WASHINGTON - Matt Harvey didn't come close to doing what the Mets wanted him to do in Tuesday night's return to the mound. There was no restoration of the Dark Knight persona, no big dog swagger. Just another guy firing fastball after fastball, hoping for the best.
But Harvey did accomplish something. With the clunker, he changed the conversation. The Mets are no longer as consumed by the idea of when Harvey will pitch in September, or possibly the playoffs.
Now they're more worried about how Harvey will pitch.
After this performance, when Harvey resorted to throwing 54 fastballs out of 74 pitches, the Mets are not sure what to think. The suspicion is that Harvey wasn't completely over the media firestorm of the previous three days, the one ignited by his agent, Scott Boras, on Friday.
And in attempting to prove everyone wrong, Harvey just couldn't harness that emotion -- not yet. Instead, those angry thoughts may still have been pinballing around in his head, messing with his command, and reducing him to a one-trick pitcher who was definitely not the Matt Harvey we're used to seeing.
"I think he was out there trying to show everybody who he is and I think he overthrew," Terry Collins said. "He missed a lot of spots because he was trying too hard. It's human nature.
"I was very proud of him, to go out there with the monkey on his back the way it was. And to carry that load out there, it's tough to pitch with that."
More like King Kong. Harvey had one of the worst nights of his career, and the ace's timing, like that of his agent, Scott Boras -- who ignited this whole innings-limit brouhaha Friday -- was terrible. He matched a career high by allowing seven earned runs, and was done after 5 1/3 innings.

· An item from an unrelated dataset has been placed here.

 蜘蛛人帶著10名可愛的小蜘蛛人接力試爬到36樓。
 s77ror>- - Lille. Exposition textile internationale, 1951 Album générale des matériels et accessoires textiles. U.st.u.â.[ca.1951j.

If the Mets weren't sure about an exact September blueprint for Harvey before the Nats chased him off the field, it certainly seems like there's a lot less pressure to use him now. Both Collins and David Wright described Harvey as angry going into the start. But afterward, standing at his locker, Harvey stayed on script, crediting his teammates for an inspiring 8-7 comeback win. When asked about his next start, Harvey toed the company line.
"I'm ready whenever they decide," Harvey said. "I have a couple mechanical things to work on, but whenever they decide to throw me back out there, I'm going to be ready."

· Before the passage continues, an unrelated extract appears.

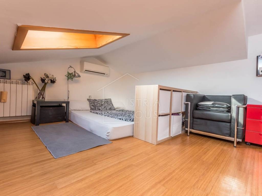 Stan od 83m2 prostire se na dvije etaže. Na prvoj etaži nalazi se lijepi dnevni boravak iz kojeg se izlazi na terasu s pogledom na more, kuhinja s blagovaonicom, prostrana soba i kupaonica, dok na drugoj etaži (mansarda) nalazimo sobu i wc.

It's going to be a while. Now that the Mets have a six-game lead in the NL East, the Harvey debate feels a lot less important. They'll be fine. As for Harvey, that remains to be seen. With his Dark Knight reputation in tatters from the PR shredding of the previous three days, Harvey badly needed to be a hero -- and he couldn't do it. The Nats harassed him for five hits and three runs in just the first two innings.
But watching Harvey breeze through the third, fourth and fifth made us again question the validity of any limitations based solely on innings, as Boras' 180 hard cap has tried to brainwash the masses.
Harvey spent the night disproving that very notion. How could anyone believe his efficient middle innings should be weighed the same as the messy first two?
But don't expect Harvey to come off that number, and he's now bumping up against it at 171 2/3 innings for the season. To the Mets, however, it's becoming less relevant. They can't be held hostage by whatever Harvey chooses to do over the next four weeks -- and possibly into October.
After Harvey imploded in that sixth inning, the Mets just kept plowing ahead, barely noticing, passing him by like roadkill. If Harvey is physically able to be a productive member of their rotation, great. If not, he can enjoy the ride. The Mets still have work to do, and plenty of other players eager to do it.
"This is not about one guy," Collins said before the game. "It's about the team. If Matt doesn't pitch again, we've got to pick up the pieces."
Tuesday night's gut-check win showed the Mets are over this Harvey thing. And he's not.